Although the site is now known as Curtis Mill Park, it predates the Curtises entirely. The mill’s history begins in 1789, when a Pennsylvanian man named Thomas Meeteer purchased the site and opened a sawmill called the Milford Mill. The mill remained in the Meeteer family through 1841. After a brief period where the site fell into debt and disrepair, it was purchased in 1848 by two brothers from Newton, Massachusetts: George B. and Solomon Minot Curtis.

The Curtises purchased the mill, but found it to be “in ruins,” according to local historians. They went into debt to rebuild the site nearly from scratch. The new firm, now named “Curtis and Brother,” opened the Nonantum Mill in 1850. The name was a reference to their old life in Newton, but the site quickly became known colloquially as the Curtis Paper Mill.

The mill would remain in operation for more than a century. By 1860, the mill was producing 500,000 pounds of paper each year. The mill would become known for its exquisite specialty products, such as cards, envelopes, or magazine paper, all made from cloth rags that were shredded, pulped, and molded by hand, as was common at the time. The company would continue to expand, and in 1896, it added a brick smokestack with the word “CURTIS” printed vertically that would eventually become an iconic symbol of the City of Newark. 

The Curtis family were strong Union supporters during the Civil War, which was no sure thing in a border state such as Delaware. Perhaps for this reason, the company became a strong U.S. government supplier after the war, providing vellum, parchment, and other high-quality rag-based paper. During World War II, the U.S. government would rely on Curtis as a supplier, likely saving the company. The Curtis Paper Mill would make the paper used for many international treaties. In fact, the Japanese Instrument of Surrender that ended the war is written on paper produced by Curtis Mill.

The mill was owned by the Curtis family for three generations until the company was sold in 1926. The company, now renamed the Curtis Paper Company, remained independent for over 50 years, eventually picking up a mascot, “Little Joe Curtis.” The mill would change hands a few more times before eventually falling prey to the decline of the American manufacturing industry in 1997. At the time of its closure, it was the oldest paper mill in continuous operation in the country.

The site, now in the hands of Newark’s municipal government, was remediated as a brownfield to be converted into a park.
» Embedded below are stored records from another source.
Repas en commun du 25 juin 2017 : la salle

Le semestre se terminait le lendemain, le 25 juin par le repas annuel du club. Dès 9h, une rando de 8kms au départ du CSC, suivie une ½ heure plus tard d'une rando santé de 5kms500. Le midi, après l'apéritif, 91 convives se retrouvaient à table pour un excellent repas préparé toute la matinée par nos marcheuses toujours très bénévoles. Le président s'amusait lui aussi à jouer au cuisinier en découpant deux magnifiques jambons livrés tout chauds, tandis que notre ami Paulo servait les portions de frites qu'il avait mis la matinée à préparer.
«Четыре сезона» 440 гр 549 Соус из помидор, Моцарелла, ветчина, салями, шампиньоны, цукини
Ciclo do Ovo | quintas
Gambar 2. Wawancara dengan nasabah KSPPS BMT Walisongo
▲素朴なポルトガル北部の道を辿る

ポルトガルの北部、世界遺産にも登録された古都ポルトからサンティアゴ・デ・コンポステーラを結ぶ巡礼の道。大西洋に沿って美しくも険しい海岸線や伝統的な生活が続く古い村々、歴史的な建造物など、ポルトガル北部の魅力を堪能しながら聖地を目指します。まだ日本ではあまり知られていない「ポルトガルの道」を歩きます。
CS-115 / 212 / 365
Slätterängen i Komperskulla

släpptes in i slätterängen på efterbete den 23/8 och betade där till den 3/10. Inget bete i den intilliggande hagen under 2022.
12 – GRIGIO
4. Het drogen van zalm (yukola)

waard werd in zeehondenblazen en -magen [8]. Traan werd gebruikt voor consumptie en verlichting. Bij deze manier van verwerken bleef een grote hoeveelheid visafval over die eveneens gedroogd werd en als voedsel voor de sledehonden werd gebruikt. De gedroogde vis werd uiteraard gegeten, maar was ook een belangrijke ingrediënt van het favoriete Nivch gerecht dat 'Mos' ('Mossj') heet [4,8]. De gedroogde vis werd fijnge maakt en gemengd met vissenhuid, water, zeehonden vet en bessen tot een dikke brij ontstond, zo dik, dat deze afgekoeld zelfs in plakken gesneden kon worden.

Demolition of the mill began in 2002, lasting for more than five years. Originally, the smokestack was to be preserved as a symbol of the city, but restoration proved too expensive, and it too was removed in 2013. The park opened in October 2014, returning the site to life.
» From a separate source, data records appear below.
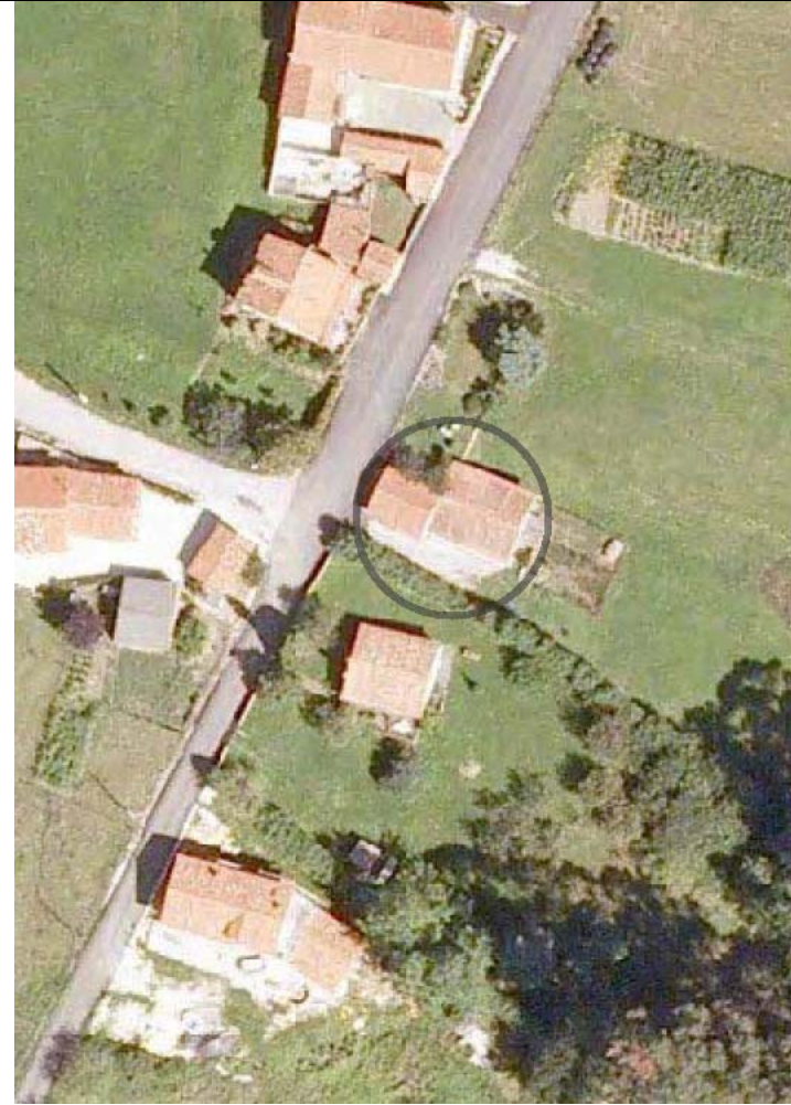
Plan Nacional de Ortofotografía Aérea ( PNOA 2007 ). E:1/1000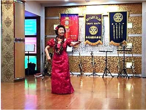
夏威夷舞 Kaimana Hila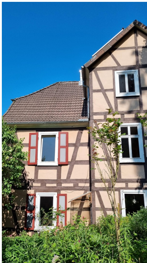
Ansicht vom Garten aus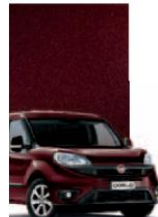
590 - BORDEAUX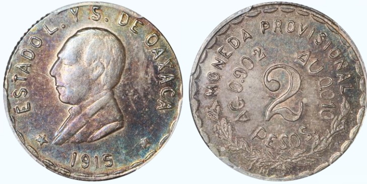
407. KM# 745 (GB351) – 2 Pesos 1915 Oaxaca. PCGS MS62. Variedad con denominación numérica al centro en anverso, canto estriado, iniciales “T.M”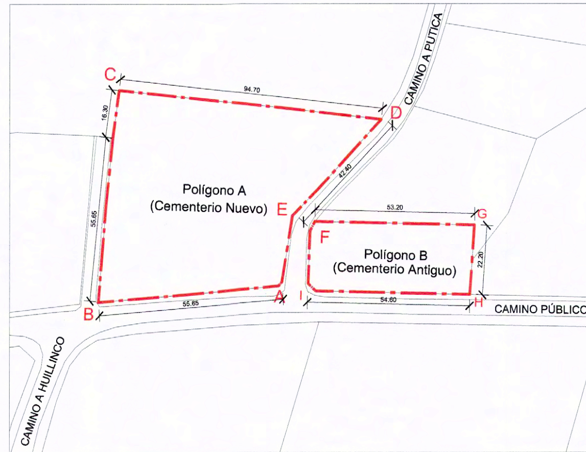
PLANO DE LÍMITES ESCALA GRÁFICA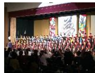
2年「和風総本家〜和になっておどろう〜」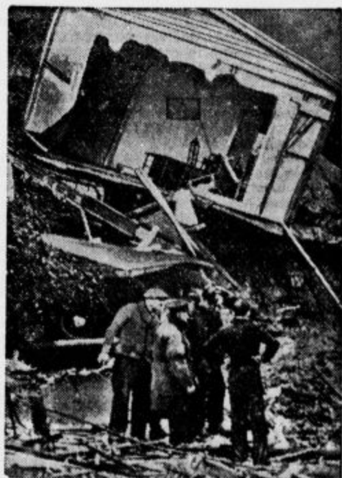
Prva slika o povodni katastrofi v Hollywoodu: Leseno vilo pri Los Angelesu je voda odnesla in jo vrgla ob breg. Vsi njeni stanovalci so utonili.

Po bitki pri Waterlooju je angleški vojskovodja Wellington to zaplenjeno Napoleonovo sabljo daroval lordu Angleseyju, ki jo je poklonil svojemu polkovniku Fraserju. V teku let je potem sablja prišla v druge roke, dokler je ni sedaj polkovnikova potomka kupila, da jo podari egiptčanskemu kralju. Tako bo sablja nekdanjega mameluka skoraj čez 500 let zopet vrnjena deželi, odkoder je prišla v Evropo.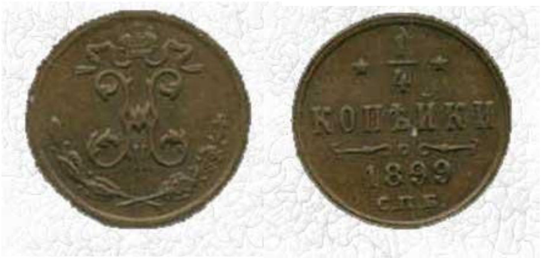
1/4 копейки , Николай II, 1899

Today, the park is a wildflower meadow and passive recreational area, used mostly by migratory birds. Although the mill is gone, there are a few reminders of its original use. The former wastewater ponds are now clean lakes, and the millrace is used as a hiking trail. Bricks from the smokestack were salvaged and reused to build a plaza that shares an interpretive history of the park. At the park’s entrance, you can find the business’s mascot, “Little Joe Curtis,” who welcomes you to share in the bounty of Newark’s manufacturing and industrial history.